Archive for July, 2010


A Circus Horse with no Circus

Gus

Gus

Back in 1955, a circus came to town.

Nothing unusual about that—except that the town was Fairbanks, Alaska. Alaska was not even a state yet, and the circus thought they would make expenses by playing to the towns along the Alaska Highway. Since the Alaska Highway was still basically a dirt road when I first drove it fifteen years later, and the towns were pretty small and far apart, they arrived in Fairbanks practically broke.

And then it rained.

Eventually they had to sell the animals to give the performers the money to get back to the States. Among those sold was a liberty act of six palomino horses.

I don’t know what happened to all the horses—the initial sale was well before I came to Alaska, and I looked up the details in the local paper. I’ve heard some died in the frigid winter of 1961-62, with ten consecutive days of daily maximum temperatures well below – 40° F. But I did come to know two: Gus and Shorty. Gus, in fact, became the first horse I ever owned.
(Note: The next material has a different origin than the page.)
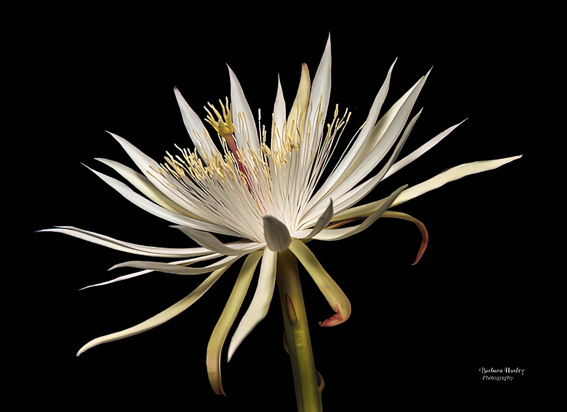 What an interesting story behind this capture. Both the bloom and the maker have their parts in this "mini-saga". In regard to the image itself, it's a classic presentation of this bloom, and I mean this in the positive sense. Your composition against the dark background highlights the bloom effectively. There is a clean and uncluttered feel to this image which I appreciate. To my eye it is a bit over exposed, and reducing the exposure slightly and adding a bit of contrast will bring out a bit more of the native detail and beauty that you have successfully captured. It also appears that the bright stem is beginning to compete with the bloom's petals so here I might suggest darkening the stem some as well. I have attached a version which illustrates my thoughts. This is a wonderful capture and rendition of this bloom, and with just a few minor post processing tweaks even more of the captured radiance of this bloom might emerge. |
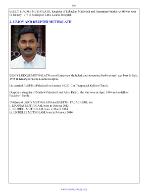 LEJOY LUKOSE MUTHOLATH son of Lukachan Mutholath and Annamma Puthiyaveettil was born in July,

I met Gus in the mid-60’s, as a rental horse at a riding stable. I saw him bluff a 6-foot G.I. into thinking he was more horse than the guy was ready to handle, but he never gave me any real trouble. Maybe he appreciated the fact that I was (relatively) lightweight and knew a little of how to ride. In fact I was helping out at the stable by that point, though I was also working on my Master’s thesis.

I did not, however, go along on the fall guided hunting trips—and Gus came back from one of those with a horrendous saddle sore in the middle of his back. It appeared to heal over the winter, but when the weather moderated, it was apparent he had a permanent lump on his back. He could still be ridden bareback, or with a special pad under his saddle cut out to assure no pressure on the scar, but as a livery horse, he was through. I was just finishing my M.S. and starting my Ph.D., and figured the stipend I was getting could be stretched to cover Gus’s board, so I became the owner of one palomino ex-circus horse in the spring of 1967.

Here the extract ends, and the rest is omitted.